Better for Children: Buying fair trade chocolate ensures that we do not contribute to the inhumane practices pervasive in some parts of the chocolate manufacturing industry. More than 15,000 child-slaves work on cocoa plantations in the Ivory Coast, according to the U.S. State Department.

“There are over 200,000 children of cocoa farmers who have never been to school,” Eve elaborated. “And there is no access to affordable medicine should the child of a cocoa farmer contract malaria.”

Fair trade-certified cocoa comes only from certified farmers’ cooperatives, organized to strengthen their farmer-members economically so that they can provide for their families and educate their children.
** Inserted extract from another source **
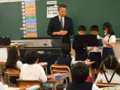 子どもたちはリコーダーでふいたり、グループ内で話し合ったりして組み合わせを考え、完成した曲をみんなの前で発表していました。

Better for the Earth: Buying certified organic, fair trade chocolate also protects the environment from further damage caused by POPs (persistent organic pollutants) used in mono-crop, plantation-style growing. By contrast, small farmers inter-crop, growing as many as six crops on one small plot, thereby keeping the land fertile and preventing the pollution of lakes and streams.
Better for us: Fair trade organic chocolate is healthier and tastes better than commercial chocolate, because there’s more outreach to small farmers, helping them to improve the quality of their beans. All of which makes fair trade, organic chocolate better for us.

With a mission to “link the world through chocolate,” the Neuhauses envisioned a globe of the earth dripping with chocolate. That image became their logo, and Sweet Earth the name that grew naturally out of that.

A plush sofa and whimsical, hand-painted furniture give the retail shop a warm and welcoming feel. All of the pieces are recycled, and Eve herself did the painting. Chocolate ephemera such as records, trading cards, postcards, books, and CDs fill the shelves and tease the senses of all who enter. A scatter of toys and books on a low table, including Eve’s own Journey to Mythaca, invite children to play or read while parents shop. “We want to encourage people to come in and sit awhile,” said Eve. “And they do!”

As if on cue, a young woman steps in to ask whether Sweet Earth carries organic marzipan. “It happens we do,” said Eve, happily producing Tom’s world-class marzipan made fresh from whole, local, organically grown almonds.

Sweet Earth has scheduled a chocolate-tasting this fall that will introduce many of us to the nearly limitless variety of flavor and nuance in the chocolate universe. Cocoa beans grown in a particular place have their own unique taste – with all the subtleties, hints, overtones, and undertones usually reserved for fine wines. “It’s a great way to tour the world,” said Tom. “For example, Madagascar …” he nearly moans with pleasure. “If there’s any one bean worth cultivating, it’s that one.”